The term "pinched nerve" refers to compression of some sort on one of the delicate spinal nerves that branch off the spinal cord and travel to the distal parts of the body 1. In the low back or lumbar spine, a pinched nerve is often caused by a herniated disc or by the formation of bone spurs with osteoarthritis. Long-term dysfunction in the spinal biomechanics leads to the breakdown of the disc and the joint. A worn-out disc can bulge outside of its normal confines and put pressure on a nerve. Symptoms of a pinched nerve can include local or radiating pain, numbness, tingling and weakness. There are a variety of treatment options available.
If you are experiencing serious medical symptoms, seek emergency treatment immediately.
Ice or Heat
The symptoms of a pinched nerve in the low back can be often relieved with the use of ice or heat. In the initial 72 hours after onset, it is best to use ice. Ice reduces inflammation that may be irritating the spinal nerves. Heat increases blood flow and therefore inflammation, but may be very helpful in relaxing muscles after 72 hours. Never apply any ice or heat pack directly on the skin. Instead, wrap it in a thin towel and apply for 20 minutes every two hours.
In many cases, a pinched nerve is caused, in part, by tight and short muscles. Gentle stretching of the low back, pelvic and leg muscles can reduce strain on the lumbar spine. It is appropriate to have a back-care specialist diagnose your pain before beginning any strenuous exercise program as it is possible to aggravate your condition with the wrong exercises.

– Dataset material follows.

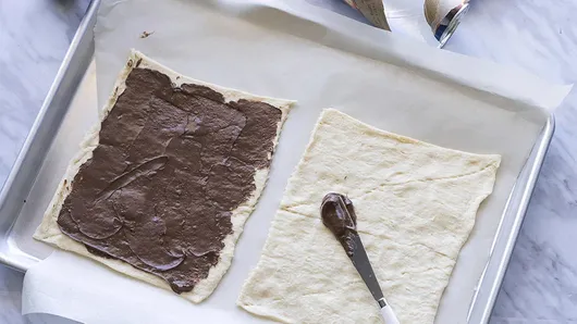Step2Unroll 1 can (8 oz) Pillsbury™ refrigerated crescent dinner rolls on work surface. Separate into 2 rectangles; pinch seams and perforations to seal. Spread 5 tablespoons hazelnut spread with cocoa evenly over both rectangles, leaving a clean edge on one side.

Chiropractors diagnose and treat all types of back pain and are concerned with proper spinal function. Spinal manipulation or adjustments can restore motion to joints that are not moving appropriately, which relieves excessive stress on the spine. According to the American Chiropractic Association, numerous studies have shown chiropractic care to be both safe and effective at relieving low back pain.

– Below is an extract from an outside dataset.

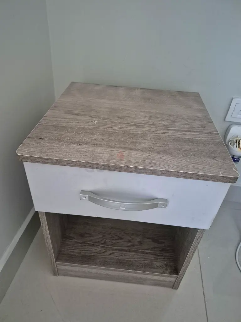 I am selling a pair of wooden bedside nightstands in a light oak (brown) finish from Home Center. They are about 2–5 years old and in good condition with normal signs of use, such as minor surface scratches and slight wear on edges but no structural damage. Each unit is rectangular in shape, has an open lower shelf and a single drawer with a silver handle for small-item storage. The design is simple and practical, suitable for most bedroom styles. Pickup in Dubai preferred.

There are several different medication options in treating back pain due to a pinched nerve. The first is aimed at simply masking the pain, and many over-the-counter NSAIDs (nonsteroidal anti-inflammatory drugs) such as ibuprofen, aspirin or naproxen can help reduce pain and inflammation. If pain is severe, your doctor can prescribe a more potent painkiller. If your pinched nerve is being aggravated by muscle spasms, you may benefit from a prescription muscle relaxer.
According to the Mayo Clinic, if conservative treatments fail, surgery may be an option. If your pinched nerve is caused by a herniated disc, a surgeon may be able to trim the offending portion of the bulging disc and relieve the pressure on the nerve. If arthritic bone spurs are putting pressure on the nerve, again, a surgeon may be able to remove the bone spur and alleviate the pain.